Fig. 10: AKT and CDK9 co-inhibition recapitulates the effects of AKT and MCL1 co-inhibition in vivo.

A Individual tumour volumes of CP253c treated with ipatasertib (50 mg/kg; n = 5), fadraciclib (40 mg/kg; n = 6), combined treatment (n = 6) and vehicle (n = 5). B Predicted tumour growth using a linear mixed-effect model of CP253c treated with ipatasertib (50 mg/kg; n = 5), fadraciclib (40 mg/kg; n = 5), combined treatment (n = 5) and vehicle (n = 5).

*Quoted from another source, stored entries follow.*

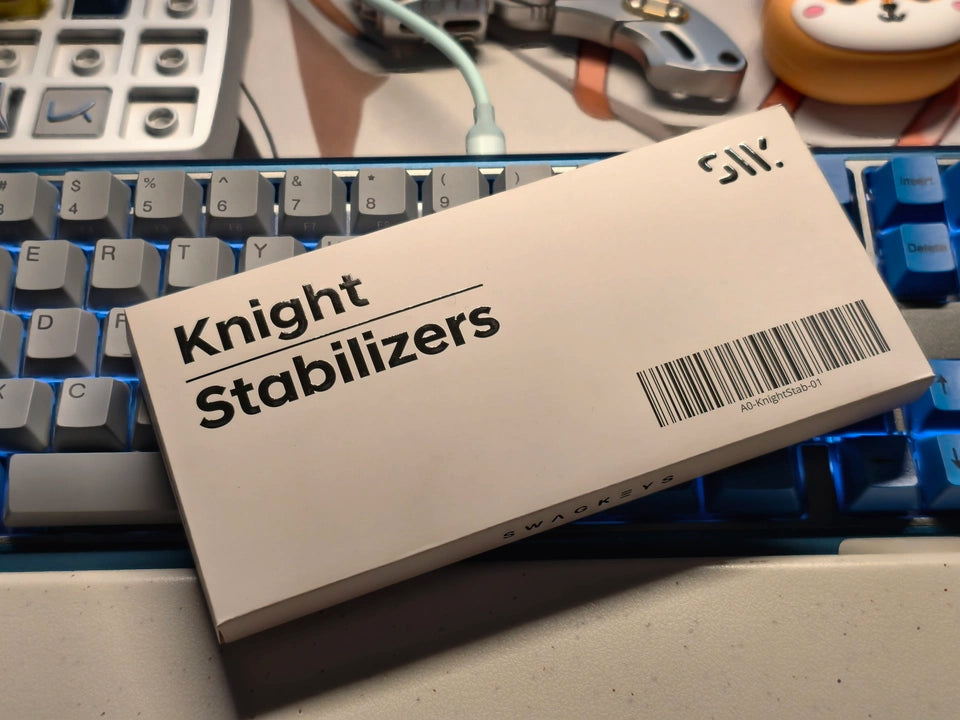 The Swagkeys SW Knight Stabilisers are precision-engineered mechanical keyboard stabilisers designed to deliver a clean, consistent keystroke on larger keys such as the spacebar, enter, shift, and backspace. Manufactured by Swagkeys, these stabilisers focus on reducing wire rattle and uneven resistance while maintaining a smooth, controlled feel. Ideal for custom keyboard builds and enthusiast upgrades, SW Knight stabilisers help improve both typing sound and overall key stability when properly tuned.
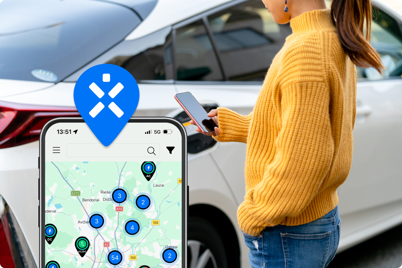 Įsikrovimas su programėle prasideda dar kelyje, nes joje patogu rasti artimiausią įkrovimo stotelę, suplanuoti maršrutą ir matyti visą aktualią informaciją: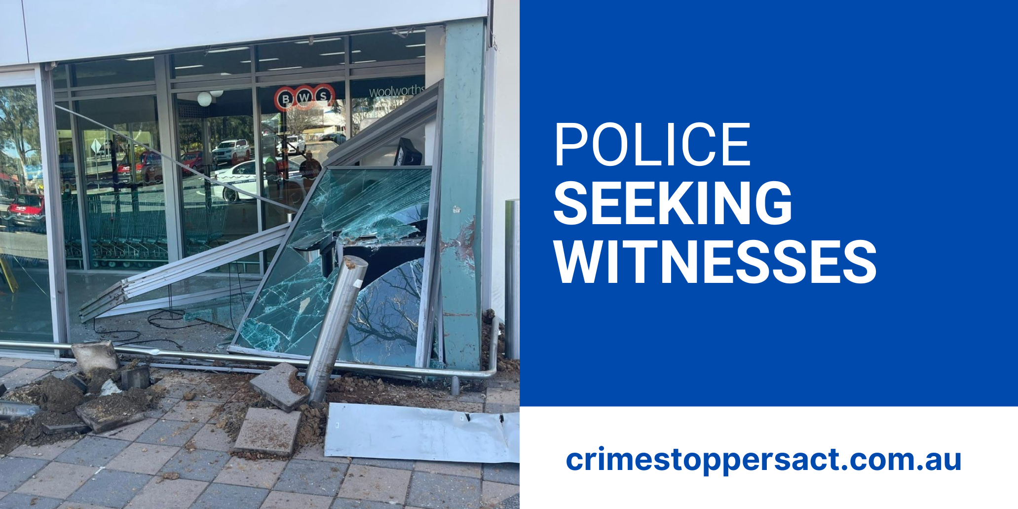 ACT Policing is seeking witnesses to a ram raid at Kippax Fair in Holt on Saturday.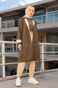 Modalamelif Önü Gizli Düğmeli Trenç Haki

C Forest plots showing the results from the longitudinal mixed effect model for log-transformed tumour volume. Estimates and p-values refer to the interaction term of treatment arm and time indicating the difference in tumour volume growth rate between each treatment arm and the vehicle arm. Points represent the random effect coefficients for each drug group and error bars the 95% confidence intervals. The black dotted line indicates the vehicle (reference level). D Comparison of protein expression for cleaved caspase 3 (% positive cells), Ki67 (% positive cells) and pGSK3B, pPRAS40 and MCL1 H-score for the different treatment arms. Necrotic samples were not analysed. The box shows the interquartile range, the line indicates the mean, and the whiskers represent the minimum and maximum values. One-way ANOVA with post-hoc Fisher’s LSD test was performed. Representative IHC micrograph for end-of-treatment CP253c tumours are also shown (bottom panel). The scale bar indicates a length of 100 µm. Source data are provided as a Source Data file.